2. The process according to claim 1, wherein said first printed-coil
substrates each possess opposite faces, one of said faces of each first
printed-coil substrate provided with said coil pattern.
3. The process according to claim 1, wherein the coil patterns on said
first printed-coil substrates possess a number of turns, a coil shape, a
coil width and a coil thickness, said first printed-coil substrates
differing from each other with respect to at least one of the number of
turns, the coil shape, the coil width and the coil thickness.
4. The process according to claim 1, wherein each of said first
printed-coil substrates possesses opposite faces each provided with a coil
pattern, and said first printed-coil substrates provided with
through-holes for electrical connection between the coil patterns on both
faces of said first printed-coil substrates.

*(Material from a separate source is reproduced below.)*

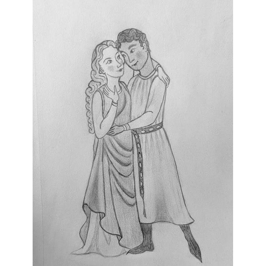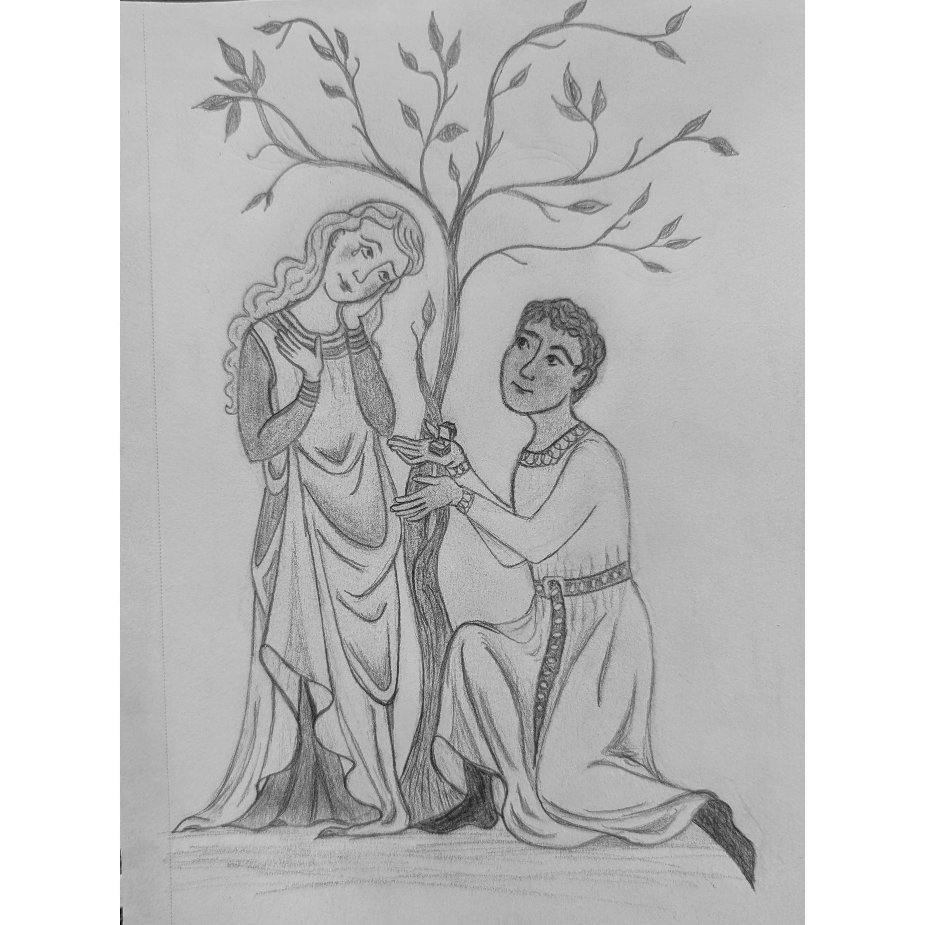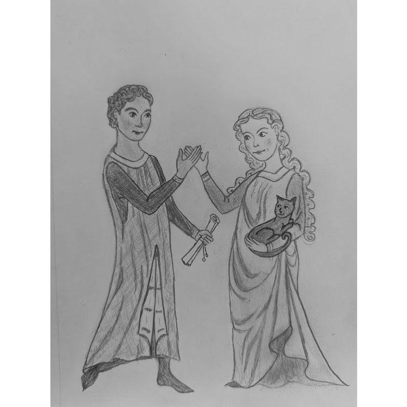 Some photos of Raphael and Gwen on their many adventures (and some medieval style sketches of us by Gwen!)

5. The process according to claim 1, wherein each of said first
printed-coil substrates is provided with connectors for electrical
connection with an other of said first printed-coil substrates.
6. The process according to claim 5, wherein the connector is a pin
terminal, and each of said first printed-coil substrates is provided with
through-holes for insertion of the pin terminal.
7. The process according to claim 1, wherein said second printed-coil
substrates used to produce said second multi-layered printed-coil
substrate are formed using a pattern film, said pattern film being used in
preparing said first printed-coil substrates.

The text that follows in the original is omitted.